WHAT IS NEEDED
Each line of data below is to be returned exactly, leaving out any picture.

DATA BELOW
=== Begin Enclosure ===

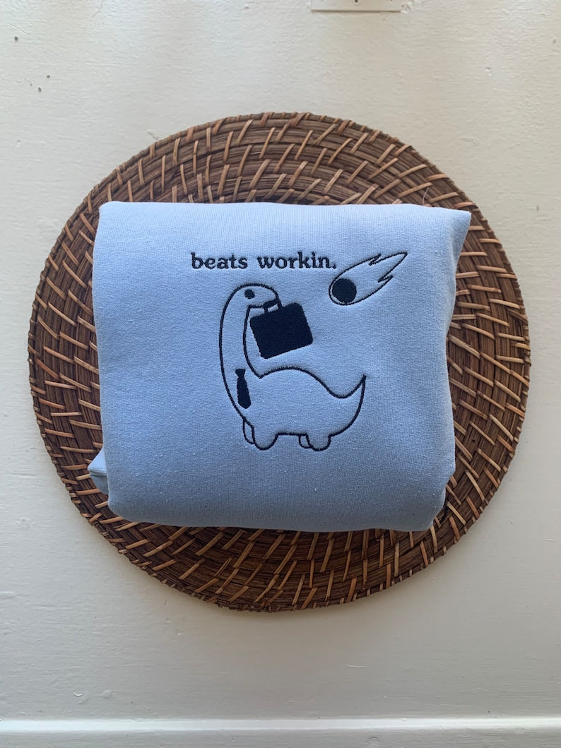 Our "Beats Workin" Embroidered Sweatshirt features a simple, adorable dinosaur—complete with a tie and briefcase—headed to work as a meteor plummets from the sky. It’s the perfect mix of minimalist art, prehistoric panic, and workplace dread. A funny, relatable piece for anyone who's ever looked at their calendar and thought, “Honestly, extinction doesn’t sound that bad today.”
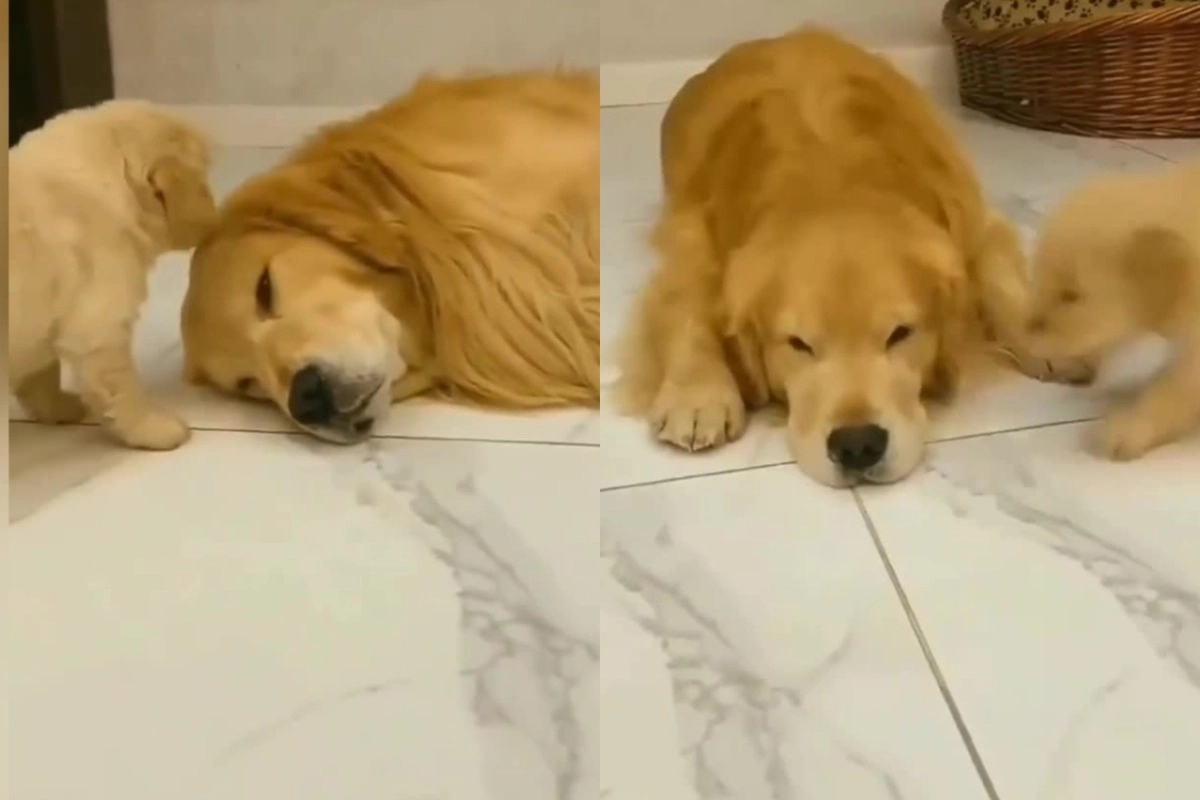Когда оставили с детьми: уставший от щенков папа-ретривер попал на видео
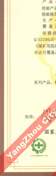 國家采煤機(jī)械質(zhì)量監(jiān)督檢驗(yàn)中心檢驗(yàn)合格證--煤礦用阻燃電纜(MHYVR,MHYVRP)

=== End Enclosure ===

TASK SOLUTION
 Our "Beats Workin" Embroidered Sweatshirt features a simple, adorable dinosaur—complete with a tie and briefcase—headed to work as a meteor plummets from the sky. It’s the perfect mix of minimalist art, prehistoric panic, and workplace dread. A funny, relatable piece for anyone who's ever looked at their calendar and thought, “Honestly, extinction doesn’t sound that bad today.”
Когда оставили с детьми: уставший от щенков папа-ретривер попал на видео
 國家采煤機(jī)械質(zhì)量監(jiān)督檢驗(yàn)中心檢驗(yàn)合格證--煤礦用阻燃電纜(MHYVR,MHYVRP)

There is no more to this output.